The records section start

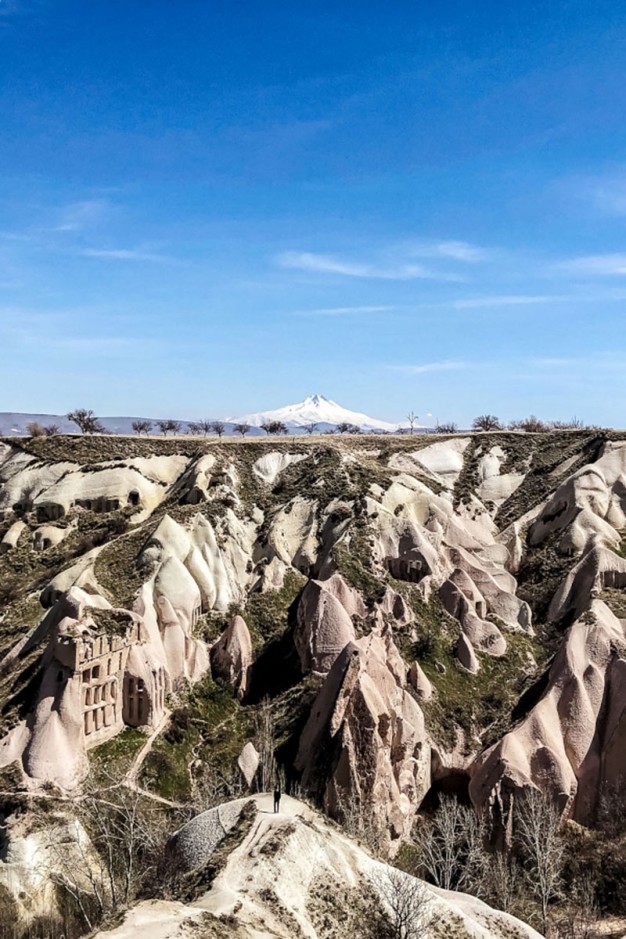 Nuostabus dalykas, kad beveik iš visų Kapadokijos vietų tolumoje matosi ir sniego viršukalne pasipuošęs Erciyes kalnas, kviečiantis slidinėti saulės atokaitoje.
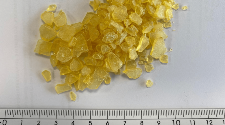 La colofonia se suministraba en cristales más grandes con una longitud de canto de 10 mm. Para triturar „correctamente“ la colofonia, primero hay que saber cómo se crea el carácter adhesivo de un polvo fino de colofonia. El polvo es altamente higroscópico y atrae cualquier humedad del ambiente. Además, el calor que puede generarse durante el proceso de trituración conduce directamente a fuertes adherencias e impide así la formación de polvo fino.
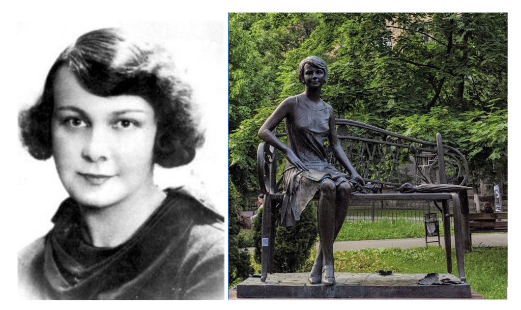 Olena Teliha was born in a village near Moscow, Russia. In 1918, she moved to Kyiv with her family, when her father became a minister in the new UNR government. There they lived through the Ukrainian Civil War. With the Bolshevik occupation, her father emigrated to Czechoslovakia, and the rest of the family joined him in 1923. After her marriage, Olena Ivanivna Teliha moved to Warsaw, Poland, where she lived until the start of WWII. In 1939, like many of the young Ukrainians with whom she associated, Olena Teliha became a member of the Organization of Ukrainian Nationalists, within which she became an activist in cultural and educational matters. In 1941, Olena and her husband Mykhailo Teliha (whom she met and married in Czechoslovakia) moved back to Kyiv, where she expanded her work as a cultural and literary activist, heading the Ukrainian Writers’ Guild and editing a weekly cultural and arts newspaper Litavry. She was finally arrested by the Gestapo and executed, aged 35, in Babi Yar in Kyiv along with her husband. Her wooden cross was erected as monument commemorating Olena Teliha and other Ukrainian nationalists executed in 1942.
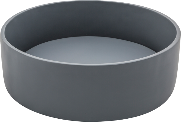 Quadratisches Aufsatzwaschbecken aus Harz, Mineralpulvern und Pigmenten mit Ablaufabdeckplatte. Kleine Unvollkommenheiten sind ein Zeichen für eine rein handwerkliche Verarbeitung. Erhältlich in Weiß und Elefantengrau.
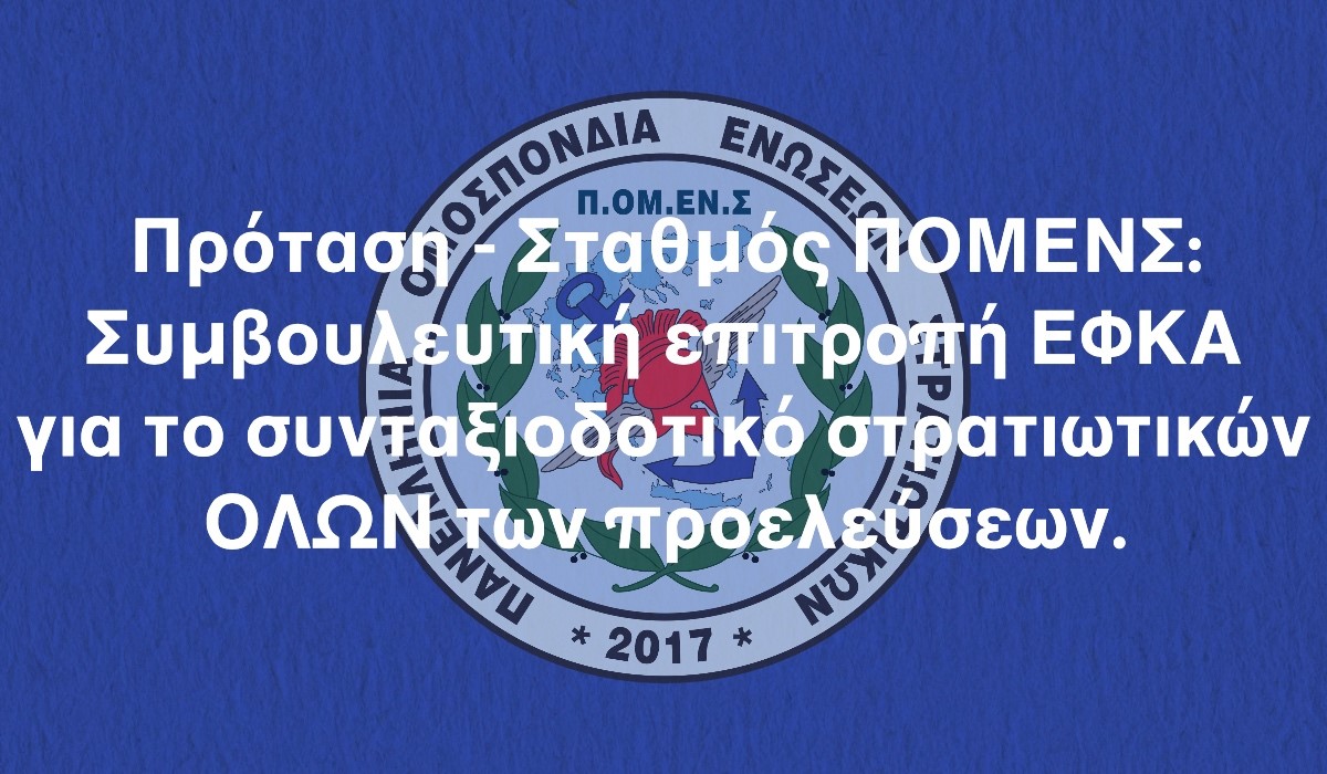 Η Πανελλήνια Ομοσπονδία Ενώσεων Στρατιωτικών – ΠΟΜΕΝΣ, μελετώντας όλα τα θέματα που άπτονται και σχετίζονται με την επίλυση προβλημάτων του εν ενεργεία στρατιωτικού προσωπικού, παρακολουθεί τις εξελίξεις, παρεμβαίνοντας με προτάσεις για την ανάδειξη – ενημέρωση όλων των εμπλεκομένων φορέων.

The records section end

Set down every record exactly, without the pictures.

--- Task result ---
 Nuostabus dalykas, kad beveik iš visų Kapadokijos vietų tolumoje matosi ir sniego viršukalne pasipuošęs Erciyes kalnas, kviečiantis slidinėti saulės atokaitoje.
 La colofonia se suministraba en cristales más grandes con una longitud de canto de 10 mm. Para triturar „correctamente“ la colofonia, primero hay que saber cómo se crea el carácter adhesivo de un polvo fino de colofonia. El polvo es altamente higroscópico y atrae cualquier humedad del ambiente. Además, el calor que puede generarse durante el proceso de trituración conduce directamente a fuertes adherencias e impide así la formación de polvo fino.
 Olena Teliha was born in a village near Moscow, Russia. In 1918, she moved to Kyiv with her family, when her father became a minister in the new UNR government. There they lived through the Ukrainian Civil War. With the Bolshevik occupation, her father emigrated to Czechoslovakia, and the rest of the family joined him in 1923. After her marriage, Olena Ivanivna Teliha moved to Warsaw, Poland, where she lived until the start of WWII. In 1939, like many of the young Ukrainians with whom she associated, Olena Teliha became a member of the Organization of Ukrainian Nationalists, within which she became an activist in cultural and educational matters. In 1941, Olena and her husband Mykhailo Teliha (whom she met and married in Czechoslovakia) moved back to Kyiv, where she expanded her work as a cultural and literary activist, heading the Ukrainian Writers’ Guild and editing a weekly cultural and arts newspaper Litavry. She was finally arrested by the Gestapo and executed, aged 35, in Babi Yar in Kyiv along with her husband. Her wooden cross was erected as monument commemorating Olena Teliha and other Ukrainian nationalists executed in 1942.
 Quadratisches Aufsatzwaschbecken aus Harz, Mineralpulvern und Pigmenten mit Ablaufabdeckplatte. Kleine Unvollkommenheiten sind ein Zeichen für eine rein handwerkliche Verarbeitung. Erhältlich in Weiß und Elefantengrau.
 Η Πανελλήνια Ομοσπονδία Ενώσεων Στρατιωτικών – ΠΟΜΕΝΣ, μελετώντας όλα τα θέματα που άπτονται και σχετίζονται με την επίλυση προβλημάτων του εν ενεργεία στρατιωτικού προσωπικού, παρακολουθεί τις εξελίξεις, παρεμβαίνοντας με προτάσεις για την ανάδειξη – ενημέρωση όλων των εμπλεκομένων φορέων.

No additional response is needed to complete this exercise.